Die MPDs 70 und 72 sind für die Verbreitung von Nachrichten
um den Ring verantwortlich, der aus dem P2P-Fernbus 74 besteht,
um Nachrichten unterzubringen, die aus einem Sicherheitslogiklöser auf
derselben Rückwandplatine wie
des MPDs 70 oder 72 zum Ring 74 geleitet werden,
und um die Nachrichten, die sich im Ring 74 befinden und
an einen Sicherheitslogiklöser
auf derselben Rückwandplatine
wie eines MPDs 70 oder 72 adressiert sind, zu
eben diesem Sicherheitslogiklöser
zu schicken. Während
jede Anzahl an Nachrichten auf dem P2P-Fernbus 74 verbreitet
werden kann, sieht eine Ausführungsform
ein Maximum von zweiunddreißig
(32) Nachrichten vor, die während jedes P2P-Buszyklus verbreitet
werden sollen. Diese Nachrichten können von 1 bis 32 separaten
und verschiedenen Sicherheitslogiklösern stammen, einschließlich der
Sicherheitslogiklöser 50– 56 auf den
Rückwandplatinen 76 der
Knoten 18 und 20, sowie von irgendwelchen anderen
Rückwandplatinen
auf anderen Knoten in der Prozessanlage 10, die durch den
Ringbus 74 miteinander verbunden werden. Als Ergebnis dieser
Operation können
jedoch alle der Sicherheitslogiklöser im Sicherheitssystem 14 synchron
arbeiten, selbst wenn sie sich an unterschiedlichen Knoten befinden,
weil der Ringbus 74 eine Kommunikationsverbindung zwischen
diesen Geräten
bereitstellt, was ermöglicht,
dass eine Synchronisation erzielt werden kann.
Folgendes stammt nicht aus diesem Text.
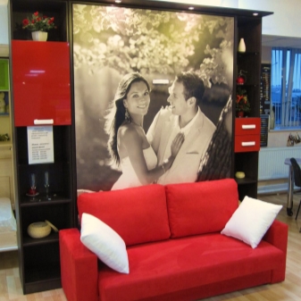 Ако има желание и възможност, тогава мястото за спане на трансформатора може да бъде подредено така, че при сгъване да се слее напълно с околната среда и да бъде напълно невидимо. Дизайнерите използват фототапети, щампи с различни цветове и качества, които се сливат с основната част от мебелите, присъстващи в хола..

Der Ringbus 74 kann
jede gewünschte
Art von Busstruktur und -protokoll einsetzen, verwendet aber vorzugsweise
Punkt-zu-Punkt-Glasfaserkabel mit einem 10Base-T-Ethernet-Protokoll, welches
eine Übertragungsrate von
10 Mb/sec. hat.
-
4 veranschaulicht
einen Impulsplan 300 für
einen einzelnen Buszyklus 302, der auf den lokalen P2P-Bussen 104 und 106 verwendet
wird, und der eine für
die Art und Weise beispielhafte Impulssequenz darstellt, auf die
die P2P-Nachrichten im Verhältnis
zu anderen Aktivitäten
im Sicherheitssystem 14 über den P2P-Bus verschickt
werden. Der Buszyklus 302 reflektiert einen geeigneten
Buszykluszeitrahmen oder eine geeignete Buszyklusdauer und wird
in eine geeignete Anzahl von einzelnen Zeitschlitzen aufgeteilt,
wobei jeder einzelne Zeitschlitz eine ausgewählte Länge hat. Alternativ können alle
einzelnen Zeitschlitze dieselbe festgelegte Länge haben. Ein Fachmann wird
sofort in der Lage sein, eine geeignete Buszyklusdauer und angemessene
Zeitintervalle für
die einzelnen Zeitschlitze je nach dem verwendeten Kommunikationsprotokoll und
anderen bekannten Auslegungserwägungen
wählen.
Auf ähnliche
Weise könnten
außer
TDMA-Verbindungen auch andere Arten von Buskommunikationen auf den
P2P-Bussen 104 und 106 verwendet werden, falls
das so gewünscht
wird.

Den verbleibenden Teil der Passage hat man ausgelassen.